Oracle Cloud Infrastructure (OCI) Data Science Jobs (Jobs) provides fully managed infrastructure to enable training large language model at scale. This page shows an example of fine-tuning the Llama 2 model. For model details on the APIs, see Train PyTorch Models.
Distributed Training with OCI Data Science
You need to configure your networking and IAM policies. We recommend running the training on a private subnet. In this example, internet access is needed to download the source code and the pre-trained model.
The llama-recipes repository contains example code to fine-tune llama2 model. The example fine-tuning script supports both full parameter fine-tuning and Parameter-Efficient Fine-Tuning (PEFT).

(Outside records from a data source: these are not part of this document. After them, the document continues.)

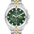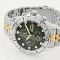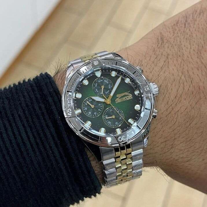 Часы Slazenger SL.09.2227.2.04 — это стильная и функциональная модель, созданная для современных мужчин, ценящих качество и надежность. Корпус из прочного металла и безельБезельВнешний ободок, закрепляющий стекло. В спортивных часах так называется поворотное кольцо с делениями на циферблате, выполняет роль таймера – замеряет отрезки времени на шкале. Неподвижный безель – элемент декора. Однонаправленно вращающийся безель на дайверских часах позволяет фиксировать моменты погружения и выныривания на поверхность. диаметром 46 мм и толщиной 12 мм придаёт часам солидный вид, а серебристый металлический браслет с частичным золотистым IP-покрытиемIP-покрытиеМетод ионного напыления. Демонстрирует повышенную устойчивость к истиранию, окислению и химическим веществам. Под воздействием высокого давления и температуры около 1500°C молекулы металла надёжно соединяются с частицами корпуса часов. с раскладной застёжкойРаскладная застёжкаТакой тип застёжки используется только на браслетах из металла. Она никогда не раскрывается полностью, происходит разделение на 2 и более частей. Раскладывающая застёжка снизит вероятность потери часов к минимуму. обеспечивает удобство при ношении. Надежный кварцевый механизм гарантирует точность хода, а минеральное стеклоМинеральное стеклоМинеральное стекло представляет собой искусственно выращенный минерал кварца. Такое стекло отличается особой устойчивостью к повреждениям и царапинам. Уступает по некоторым качествам сапфировому стеклу. защищает градиентный зеленый циферблат от царапин. Модель оснащена дополнительными малыми циферблатами, отображающими дату, день недели и текущее время в 24-часовом формате, что делает часы особенно практичными. Для удобства использования в темное время суток предусмотрено люминесцентное покрытиеЛюминесцентное покрытиеПозволяет считывать показания времени в темноте. Производители наносят на стрелки, часовые индексы, безель или поверхность циферблата светонакопительный состав, дающий холодное свечение. стрелок. Заводная головка имеет специальную защиту. Водозащита уровня WR 50 позволяет не беспокоиться о случайном попадании воды. Вес изделия составляет 161 грамм. Эти часы станут отличным выбором для тех, кто ценит элегантность и функциональность в одном аксессуаре.
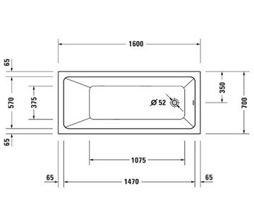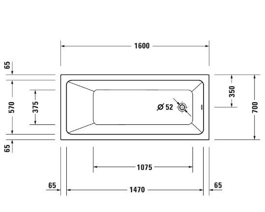Duravit No.1 badekar til indmuring, rektangulært - 1600 x 700 mm
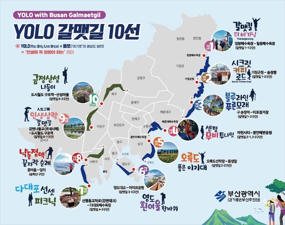 오는 22일 부산역에서는 부산을 방문하는 내·외국인 관광객을 대상으로 시 직원들이 직접 캠페인을 진행한다. 'YOLO 갈맷길 10선'을 집중 홍보하고, 부산역 갈맷길 투어 라운지도 운영해 전문 길잡이의 길 안내까지 들을 수 있도록 할 계획이다.
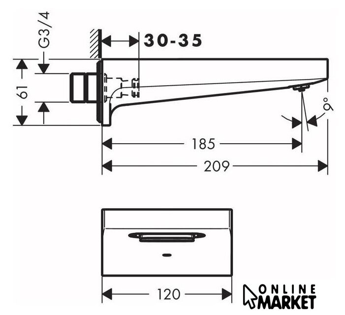 Длина (вылет) излива | 185 мм |
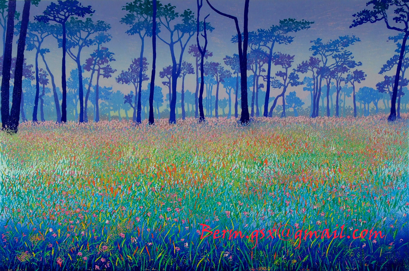 60 x 90 cm. เทคนิค ภาพพิมพ์แกะไม้ ( Wood cut )
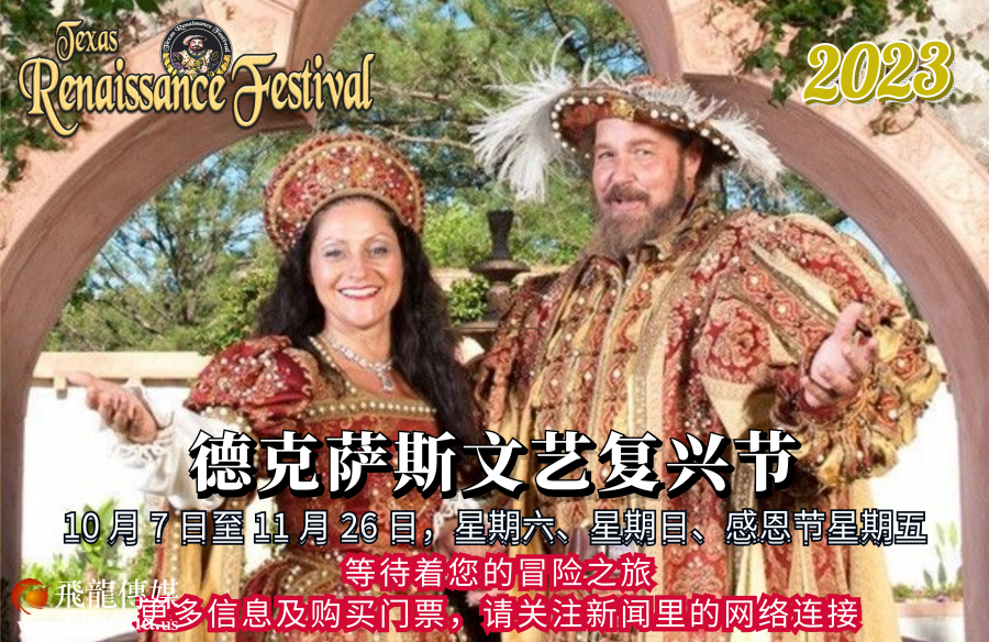 德克萨斯文艺复兴节 (TRF) 每年吸引超过 50 万游客,是全美规模最大、最受欢迎的活动,文艺复兴节历时50天,直至感恩节当天结束。活动上有打扮的各种精灵,各国的奇彩异服,还有美食、音乐、马术表演、各类娱乐和文艺复兴魔法节日。 今年的开幕周末将首次举办庆祝女王生日的特别活动,为了与游客们共同庆祝,主办方在活动周末提供了活动最大的优惠。

With ADS, you can start the training job by taking the source code directly from Github with no code change.
Access the Pre-Trained Model¶
To fine-tune the model, you will first need to access the pre-trained model.
The pre-trained model can be obtained from Meta
or HuggingFace.
In this example, we will use the access token
to download the pre-trained model from HuggingFace (by setting the HUGGING_FACE_HUB_TOKEN
environment variable).
Fine-Tuning the Model¶
You can define the training job with ADS Python APIs or YAML. Here the examples for fine-tuning full parameters of the 7B model using FSDP.
from ads.jobs import Job, DataScienceJob, PyTorchDistributedRuntime
job = (
Job(name="LLAMA2-Fine-Tuning")
.with_infrastructure(
DataScienceJob()
.with_log_group_id("<log_group_ocid>")
.with_log_id("<log_ocid>")
.with_compartment_id("<compartment_ocid>")
.with_project_id("<project_ocid>")
.with_subnet_id("<subnet_ocid>")
.with_shape_name("VM.GPU.A10.2")
.with_block_storage_size(256)
)
.with_runtime(
PyTorchDistributedRuntime()
# Specify the service conda environment by slug name.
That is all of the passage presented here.